Things people assume about me:
  • That, because I’m middle class, I don’t struggle with money/finances. Wrong.
  • That, because I’m thin, I don’t eat. Wrong.
  • That, because I’m thin, I don’t work out and am not strong. Wrong.
  • That I live this “perfect life” based on what’s seen on social media. Wrong.
  • That, because I care about how I look, I’m shallow (or something). Wrong.
  • That, because I have and express feelings, I am weak. Wrong.
  • That, because I’m a woman, I am not as good at something. Wrong.
  • That, because I sometimes show off my body, I’m a slut. Wrong.
  • That, because my hair is an odd color (i.e. pink), I don’t deserve as much respect. Wrong.
  • That, because I’m young, I’m naïve and easily manipulated.
  • That, because I’m blonde, I am ditzy. (Had to say it again.) Wrong.
  • That, because I dress and look nice, I’m weak and can’t handle myself. Wrong. If I tell you I know how to play a sport, don’t laugh and try to explain to me that “it hurts when you get hit”. I know. I’ve played it.
  • That, because you’re a male, you know more than me. (See above.) Wrong.
  • That, because I’m being nice to you, I’m flirting. Wrong.
  • That, because you made assumptions, you think you know me. Wrong.

I’m sure some of you can relate to these assumptions being made about you, as well as plenty others that I’m sure have been made. It’s frustrating.

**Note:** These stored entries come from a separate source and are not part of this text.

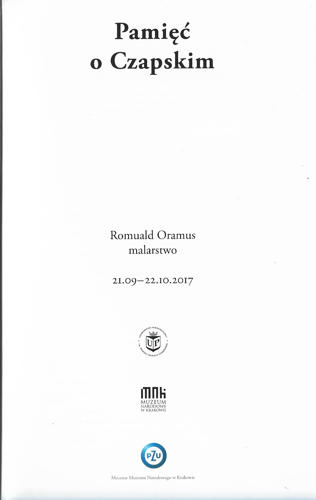 Pamięć o Czapskim. Romuald Oramus, malarstwo; katalog wystawy; teksty: Anna Budzałek, Pamięć o Czapskim. Romuald Oramus, malarstwo; Romuald Oramus, Pamięć o Józefie Czapskim [druga część katalogu: Pamięć o Czapskim. Stanisław Sobolewski, malarstwo], Pawilon Józefa Czapskiego – Muzeum Narodowe w Krakowie, Uniwersytet Pedagogiczny w Krakowie, Kraków 2017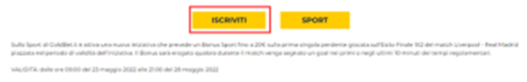- I bonus relativi allo sport in relazione ad avvenimenti specifici, al fine dell’adesione, richiedono di cliccare sul tasto “ISCRIVITI”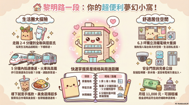 黎明路全新獨洗曬-電梯-大套房可請租補6.3坪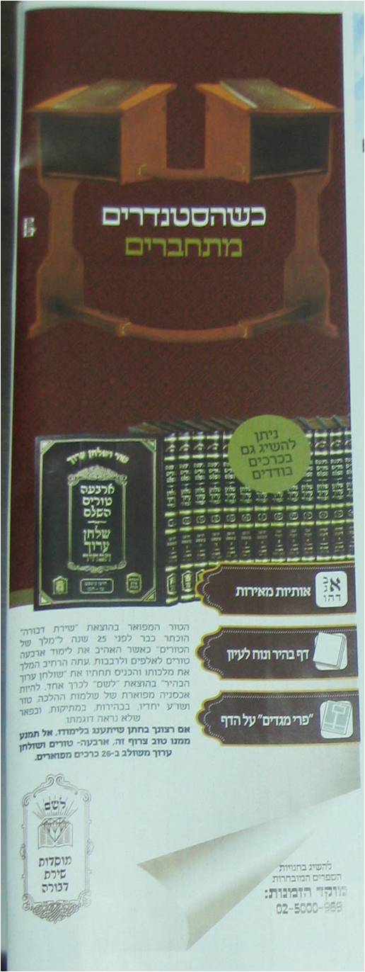 [יתכן שהיו עושים בשכל אילו היו יותר מסבירים, כי לא רק בני תורה קונים את זה, אלא גם מחותנים והורים וכו'.]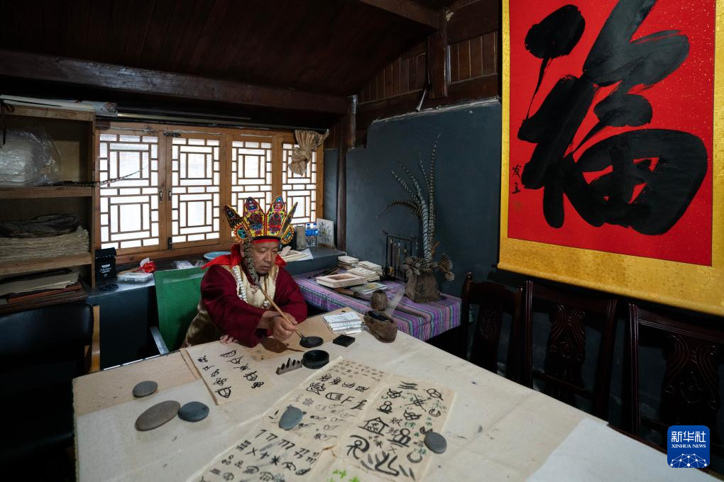 和杰林在家中书房内书写东巴象形文字(3月25日摄)。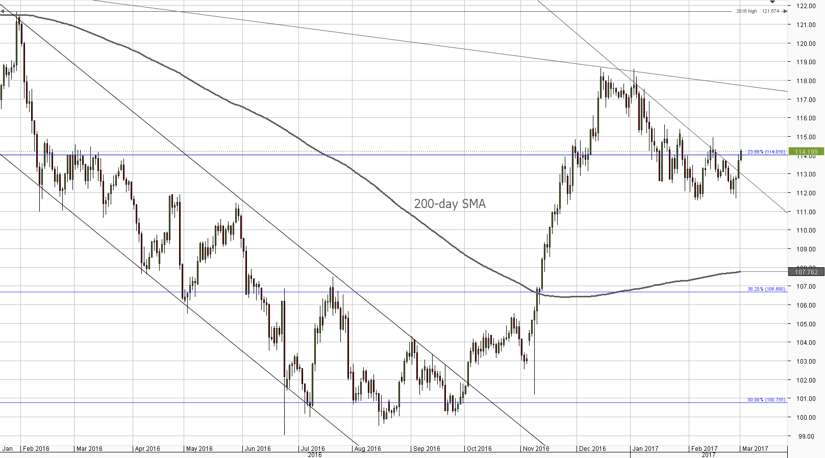 The breach of the bearish trend-line resulted in a surge above 114.00, with the 23.60% Fibo even being unable to limit the gains, for now at least. The pair is required to close above this area in order to continue appreciating, with the 115.00 being the next target. Once this major level is pierced, the pair will be able to reach the second down-trend near 117.00.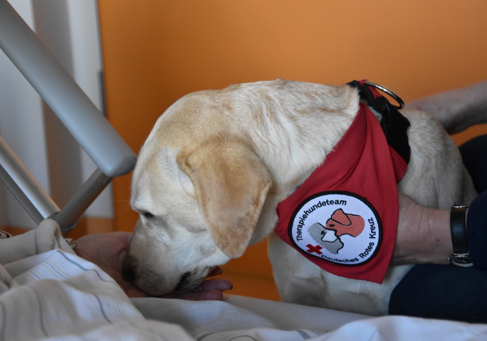 Alba ist Mitglied im Therapiehundeteam des DRK Wolfsburg. Um zertifizierter Therapiehund zu werden, haben Gundula Witte und ihr Hund eine 120-stündige Ausbildung in Theorie und Praxis absolviert, die sie im Mai 2025 erfolgreich abgeschlossen haben. Auf der Station trägt Alba ihr typisches „Arbeitsoutfit“ – rotes Halstuch, passendes Halsband – und ist dann ganz in ihrem Element. „Die Grundintention unseres Besuches ist, ein bisschen Freude zu bringen“, sagt Gundula Witte. Dabei achtet sie besonders auf die individuellen Bedürfnisse der Patientinnen und Patienten. Mal sitzt die Hündin auf einem Hocker neben dem Bett und lässt sich streicheln, mal zeigt sie kleine Kunststücke – zieht Socken aus oder nimmt Wäsche von einer Leine. Die Wäscheleine hat Gundula Witte immer im Rucksack – und Leckerlis natürlich auch. „Viele sagen: 'Ich habe eine Katze zuhause, aber es ist auch schön, mal wieder einen Hund zu streicheln.' So entstehen ganz locker kleine Gespräche, die guttun“, erzählt Witte, die ehrenamtlich im Einsatz ist.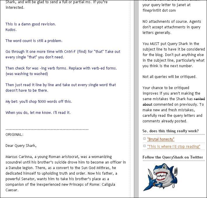 You probably wouldn't go to a Noo Yawk literary agent for sensitivity training . . . Janet Reid's Query Shark blog is compulsive reading as she picks apart prospective writers' pitches. If you're one of those people who feel everybody has a novel inside them then it's essential reading. Conversely, if you feel everybody has a novel inside them and that it should stay there . . . then read on too.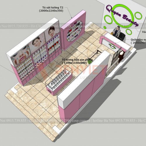 Thiết kế nội thất cửa hàng mỹ phẩm Quyên Beauty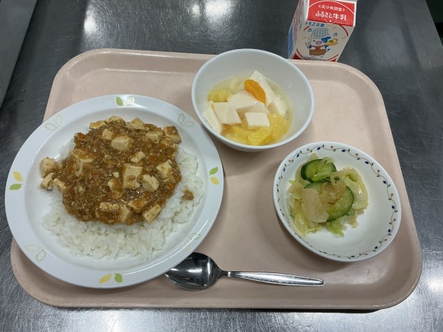 本日の献立 麻婆豆腐丼 牛乳 中華サラダ 杏仁豆腐

Hopefully this was even remotely interesting? LOL. Thanks for reading!

xx – A

 

 

Happy. Blissfully happy.

I realized something yesterday. Something amazing.

As I was finishing up my workout (courtesy of the KIC program), I started thinking about the rest of the things I had to do before I could go to bed–fold laundry, eat dinner, shower, paint my nails, tidy up, things like that. I got this warm feeling inside me, and I couldn’t quite place what it was until later. I was literally standing in the shower when it hit me: now, in this moment, is the happiest I have been in so long. Longer than I can remember. In that moment, I realized I am the least stressed, least dependant, most healthy, and happiest I have been in years. Not weeks. Not months. Years. I wish I was exaggerating about that too, but sadly, I am not.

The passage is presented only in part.